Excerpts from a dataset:
=======
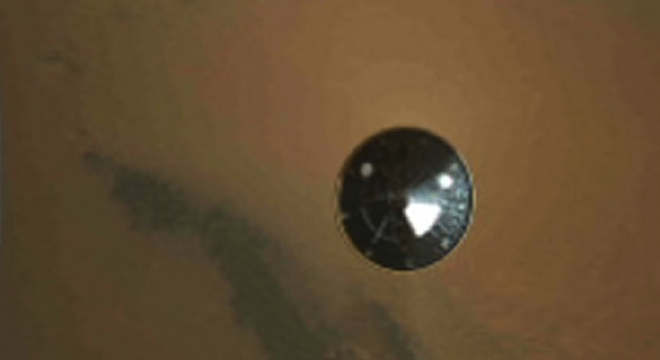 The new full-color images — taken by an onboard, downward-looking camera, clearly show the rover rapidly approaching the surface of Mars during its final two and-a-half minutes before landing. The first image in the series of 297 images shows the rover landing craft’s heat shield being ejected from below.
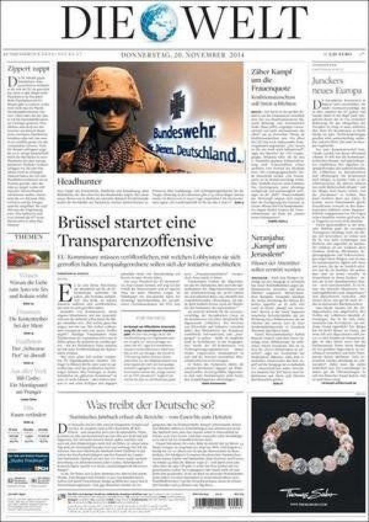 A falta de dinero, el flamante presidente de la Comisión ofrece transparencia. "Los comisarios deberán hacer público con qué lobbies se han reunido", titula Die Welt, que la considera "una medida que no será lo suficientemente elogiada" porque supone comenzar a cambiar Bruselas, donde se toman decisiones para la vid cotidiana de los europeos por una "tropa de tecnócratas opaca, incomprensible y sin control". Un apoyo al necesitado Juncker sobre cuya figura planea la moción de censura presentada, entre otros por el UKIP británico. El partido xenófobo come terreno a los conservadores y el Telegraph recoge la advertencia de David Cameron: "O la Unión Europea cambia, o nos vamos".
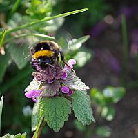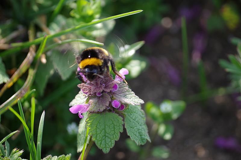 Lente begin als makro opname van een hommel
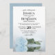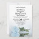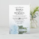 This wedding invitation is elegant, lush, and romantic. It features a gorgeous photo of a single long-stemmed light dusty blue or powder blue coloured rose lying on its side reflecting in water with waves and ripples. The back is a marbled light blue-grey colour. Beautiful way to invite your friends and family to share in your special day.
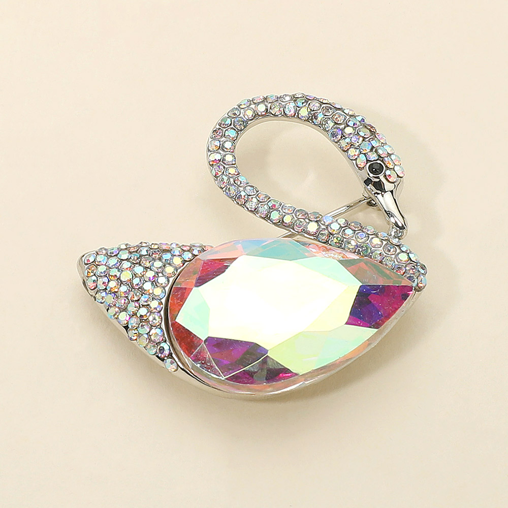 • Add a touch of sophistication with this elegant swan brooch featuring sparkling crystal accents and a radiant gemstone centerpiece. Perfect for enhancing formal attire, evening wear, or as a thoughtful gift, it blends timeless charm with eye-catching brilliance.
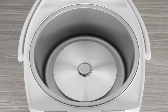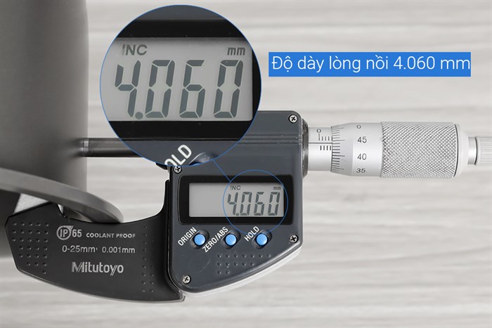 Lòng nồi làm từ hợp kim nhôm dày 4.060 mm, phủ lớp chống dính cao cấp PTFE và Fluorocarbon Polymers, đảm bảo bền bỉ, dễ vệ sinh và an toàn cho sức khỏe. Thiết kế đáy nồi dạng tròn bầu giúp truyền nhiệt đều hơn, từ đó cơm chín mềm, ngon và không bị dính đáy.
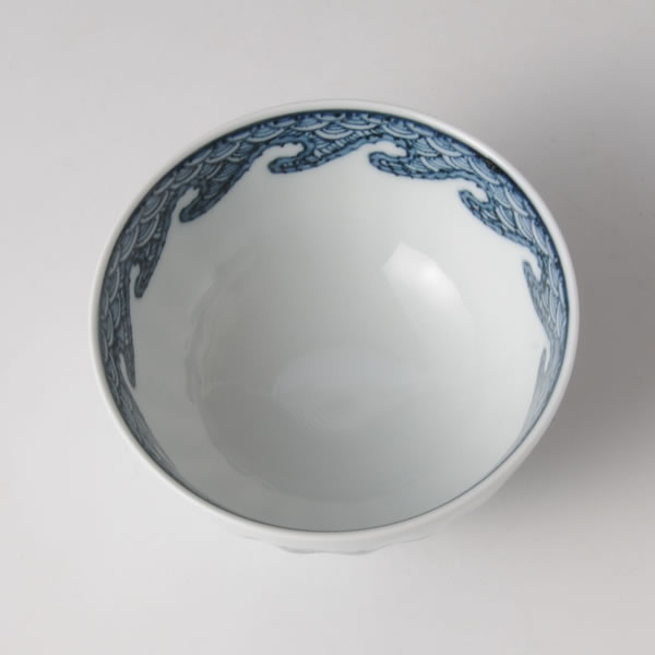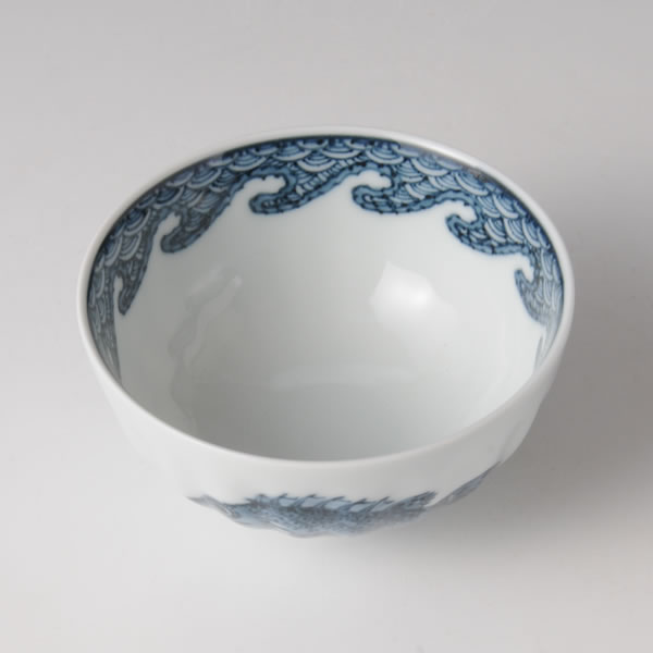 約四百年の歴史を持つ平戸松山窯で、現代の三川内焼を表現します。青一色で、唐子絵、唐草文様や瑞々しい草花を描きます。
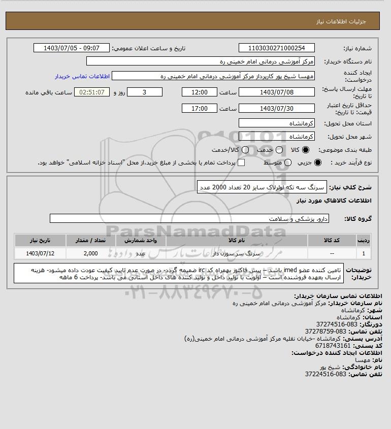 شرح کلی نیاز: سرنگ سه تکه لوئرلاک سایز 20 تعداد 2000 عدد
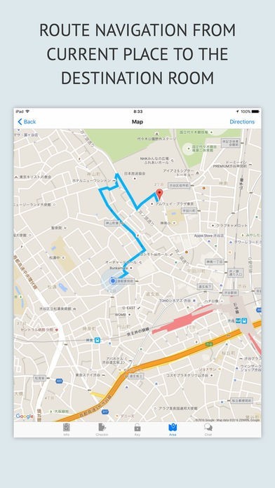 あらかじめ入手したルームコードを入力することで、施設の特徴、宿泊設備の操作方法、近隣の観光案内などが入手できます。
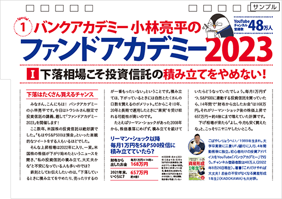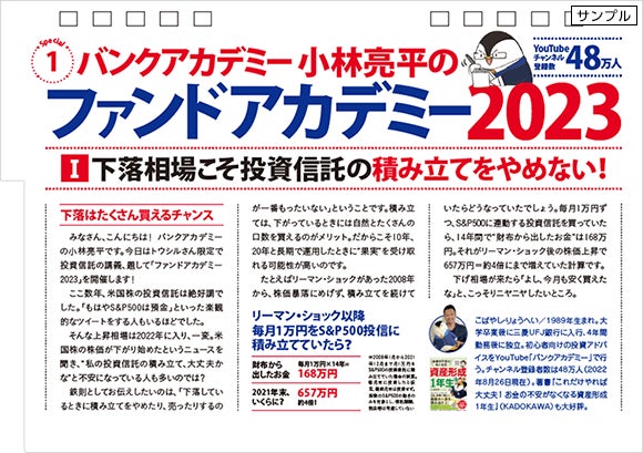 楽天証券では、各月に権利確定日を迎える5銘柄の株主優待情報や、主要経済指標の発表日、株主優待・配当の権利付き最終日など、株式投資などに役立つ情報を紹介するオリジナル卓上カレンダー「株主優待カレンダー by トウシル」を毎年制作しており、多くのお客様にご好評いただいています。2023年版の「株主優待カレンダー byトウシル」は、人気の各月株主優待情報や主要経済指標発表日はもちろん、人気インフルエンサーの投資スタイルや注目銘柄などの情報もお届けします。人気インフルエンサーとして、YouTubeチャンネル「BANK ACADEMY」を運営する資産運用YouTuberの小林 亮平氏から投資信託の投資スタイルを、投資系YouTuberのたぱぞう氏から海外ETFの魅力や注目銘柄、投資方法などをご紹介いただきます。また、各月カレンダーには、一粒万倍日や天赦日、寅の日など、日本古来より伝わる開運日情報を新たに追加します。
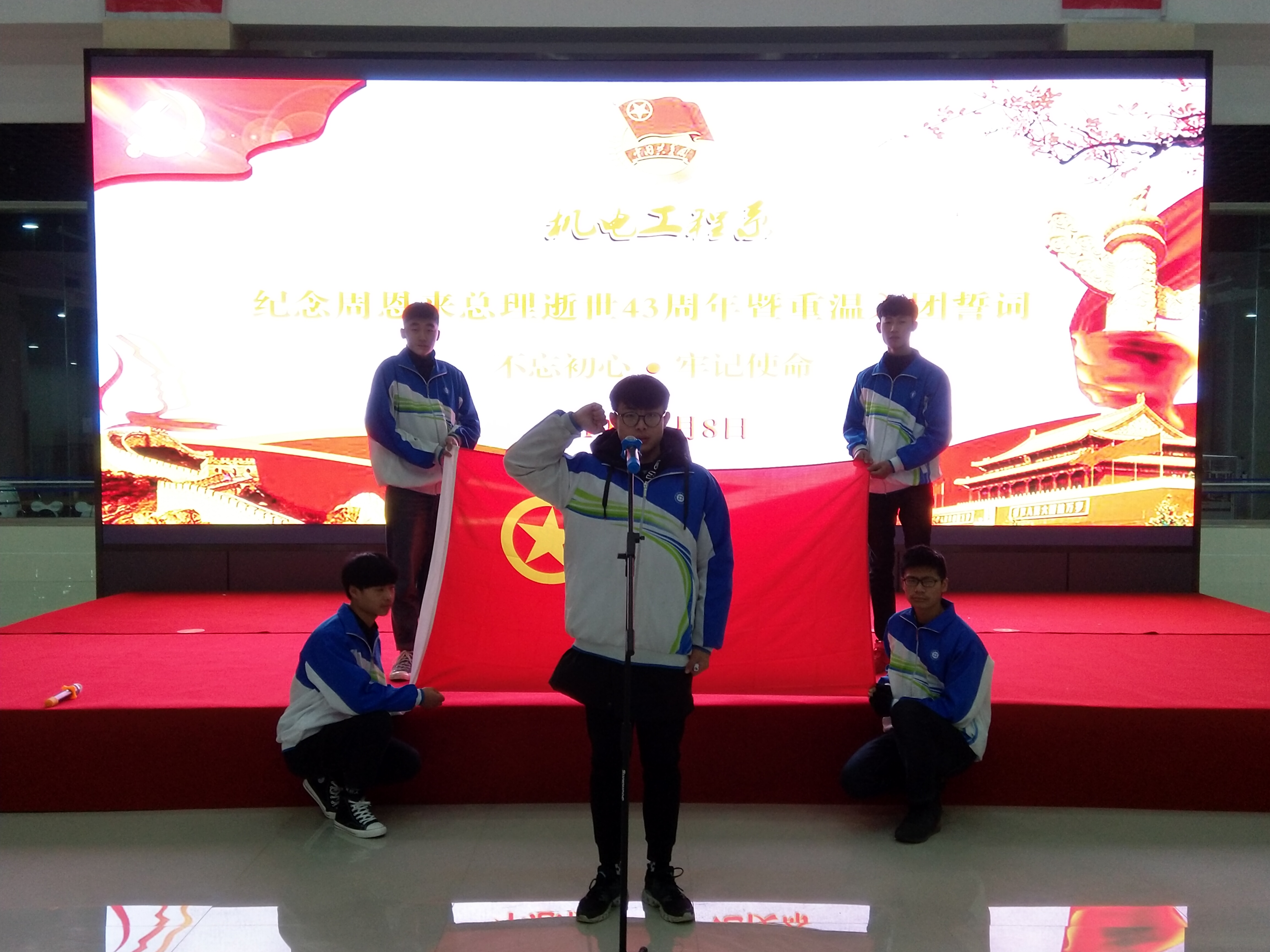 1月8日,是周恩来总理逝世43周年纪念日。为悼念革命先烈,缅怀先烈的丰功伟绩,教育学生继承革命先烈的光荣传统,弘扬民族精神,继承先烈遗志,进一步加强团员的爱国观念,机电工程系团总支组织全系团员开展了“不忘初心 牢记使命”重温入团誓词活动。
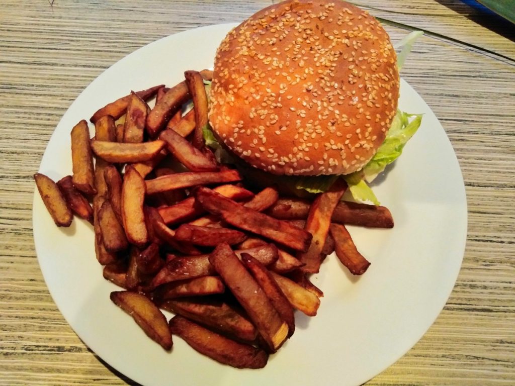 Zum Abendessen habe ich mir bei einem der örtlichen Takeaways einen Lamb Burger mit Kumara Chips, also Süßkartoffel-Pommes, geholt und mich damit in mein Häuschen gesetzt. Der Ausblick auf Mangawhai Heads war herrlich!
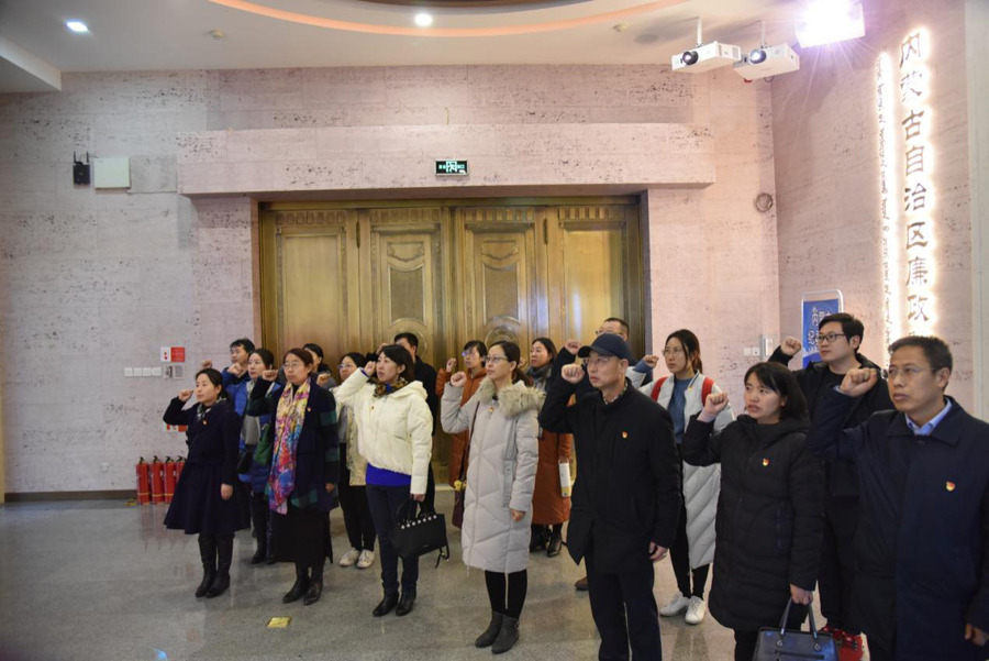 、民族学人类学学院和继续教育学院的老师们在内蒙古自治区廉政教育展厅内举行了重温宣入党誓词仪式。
=======
ASSIGNMENT
Please reproduce exactly, and nothing more, the lines from the one containing "Zum Abendessen habe" through the last line of the entries, both included; pictures stay out.

TASK RESPONSE
 Zum Abendessen habe ich mir bei einem der örtlichen Takeaways einen Lamb Burger mit Kumara Chips, also Süßkartoffel-Pommes, geholt und mich damit in mein Häuschen gesetzt. Der Ausblick auf Mangawhai Heads war herrlich!
 、民族学人类学学院和继续教育学院的老师们在内蒙古自治区廉政教育展厅内举行了重温宣入党誓词仪式。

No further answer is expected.